Dr. Rizzo says that the scene doesn’t have to be an exact replica; the brain is more than willing to believe the virtual world and this allows patients to interact with a scene that is as life-like as possible without having to go back to the location the trauma occurred.
Measured using an fMRI machine, researchers found that patients treated with VRT showed less activity in their amygdala, the part of the brain responsible for emotional reactions, and increased activity in the frontal lobe which helps with emotional control.
Bravemind is also looking to expose soldiers to the VR program before they are deployed as a preventative therapy so that users can start to prepare for what they will be facing in the field.
Virtual Reality for sexual assault induced PTSD
While PTSD is most often thought to be the problem of soldiers returning from combat, an estimated 7.7 million individuals in the United States suffer from PTSD. Many have experienced sexual trauma and rape, and women are twice as likely as men to have PTSD at some point in their life.
The World Health Organization estimates that the lifetime prevalence for PTSD worldwide is between 0.3% and 6.1% of the population.
Beyond Care is looking to expand their product to help those struggling with different types of PTSD. Barbara Rothbaum is a professor at Emory University Medical School in Atlanta working in Psychiatry and Behavioural Sciences and has taken the Bravemind platform and created scenarios to help those suffering after sexual assaults in the military.
Using environments like an alley outside of a bar, a latrine, a closed-door office, and others, Rothbaum hopes to help assault survivors access the memories of the attack and then begin to work through their feelings and anxiety. She also notes that she chose to never show an assailant for two reasons: it would be ‘inherently scary’ to show an aggressor and wouldn’t be helpful for working through the trauma, and if the program showed an assailant that didn’t match the description of the person who had attacked the patient it would take them out of the experience. Often, the scene alone is enough to create tension and allow patients to work on their feelings.
Another group called Tusmorke is approaching sexual assault from another angle. More of a game with a storyline, Tusmorke’s Autumn takes the player through the months after the main character’s sexual assault by going through different seasons. The story is told backwards, starting with summer and recovery, spring dealing with other people’s judgment and feelings of shame, winter with isolation and depression, and autumn is when the attack occurs.

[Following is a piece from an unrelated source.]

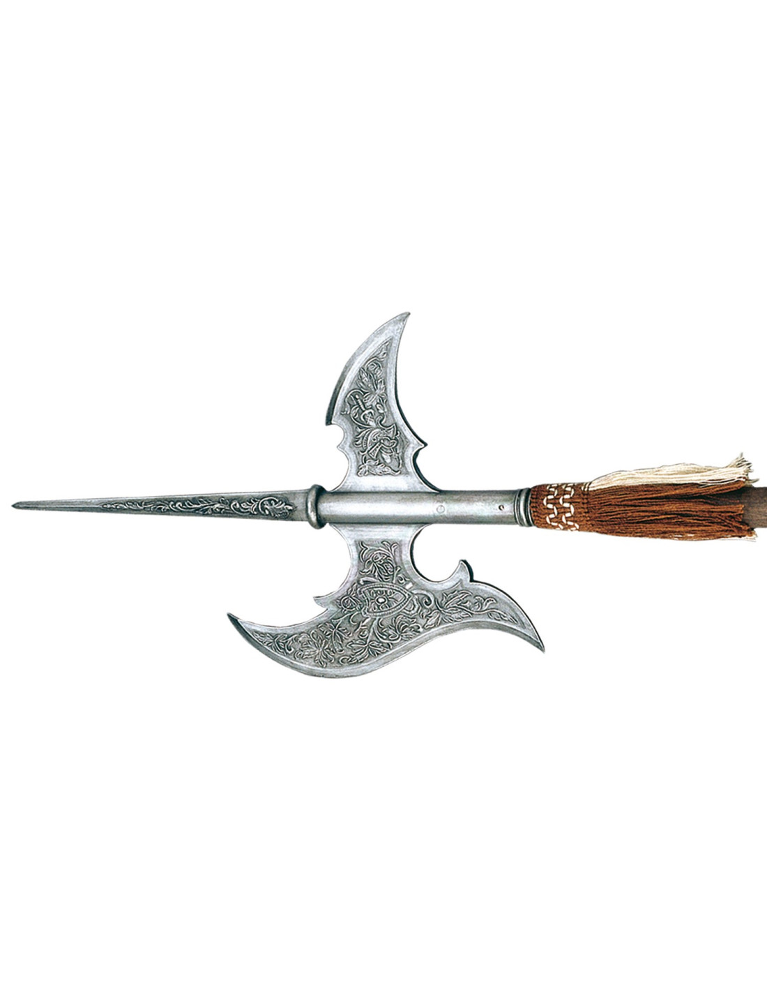 Jedes Detail dieser Hellebarde ist auf historische Funktionalität ausgelegt. Ihr Waffenhauptstück bietet eine vielseitige Konfiguration: eine Spitze für den Angriff für den Frontalangriff, eine querliegende Axt für kräftige Schläge und ein kleiner Gegenkopf zum Stechen oder Haken. Diese Kombination machte sie zu einer beeindruckenden Waffe auf dem Schlachtfeld.

Marta, one of the creators of the game, came up with the concept after trying to explain her feelings of fear and anxiety after escaping an attack to her male friends and seeing that it wasn’t clicking for them.
Sexual assault happens to one in four women in the United States, and is a serious issue across the world. While games like this may not be conventionally used for treating PTSD from sexual assault, they can be helpful in spreading awareness.
PTSD can have a debilitating and lasting effect on victims, but with the help of virtual reality therapy, patients are finding ways to better deal with their feelings of anxiety and depression.